The rest of this section
goes on to explain how peakcon works. Will people sit down with the peakcon program
and perl scripts and write interesting pattern matching rulesets?
Is peakcon powerful enough to account for all
the attributes and subtleties in the patterns we are seeking?
Decide for yourself.
But eventually
smartnotebook wants to be associated with the best pattern recognition software
available, or at least give the user a chance to decide what that software may be.
What peakcon does have is a straightforward interface for
building connectivity patterns which is currently in the form of
a text-base rules file. A library of rules files can be developed
which define how we search for patterns given the particular nmr data
we have available. The possibility exists to search for generic patterns
to ensure all possible patterns are found or specific patterns where
interest is relegated to a certain class of connectivity pattern.

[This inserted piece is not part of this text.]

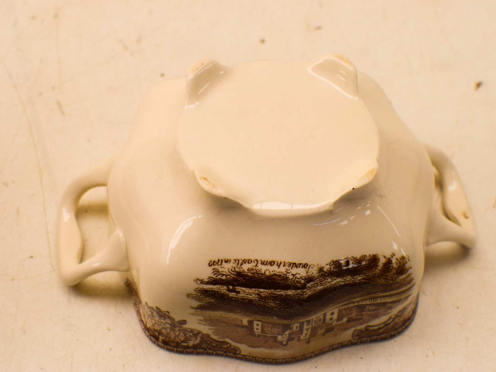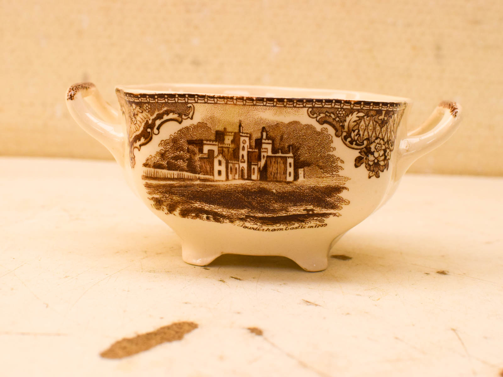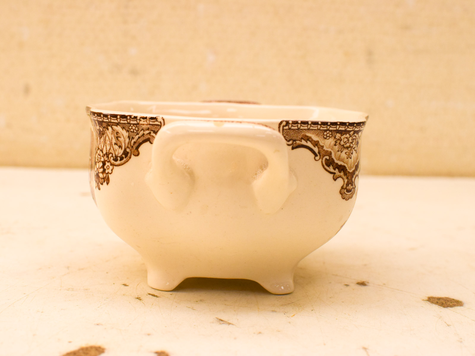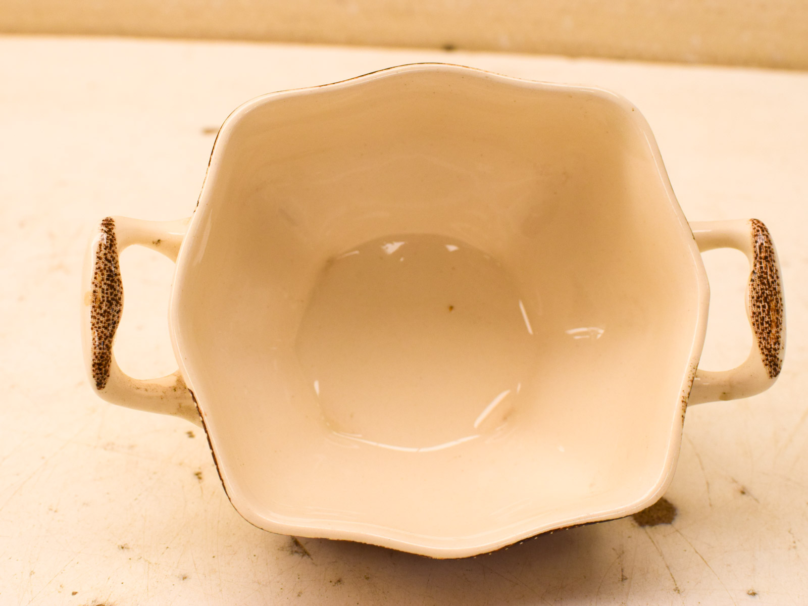 Dit vintage porseleinen schaaltje met oren is een leuk stuk servies uit een voorbije tijd. Het bruinwitte schaaltje heeft een mooie transferafdruk met landschapsmotieven en decoratieve ornamenten in de hoeken. De vorm met twee oren maakt het een praktisch en sfeervol stukje voor de keukenkast.

Our current policy has been to develop rulesets for peakcon that are simple
and exhaustive, it is better to find extra potential connectivities than
to run the risk of missing any.
Peakcon is quite simplistic, it only scores a connectivity
pattern based on how well the peaks line up.
Also note that the hsqc has 3 interesting columns of data and the
other xpk files have 4, the last column as you may have guessed is the
peak intensity and you can see that positive/negative intensity plays
a vital role in identifying the pattern with these experiments. "inf"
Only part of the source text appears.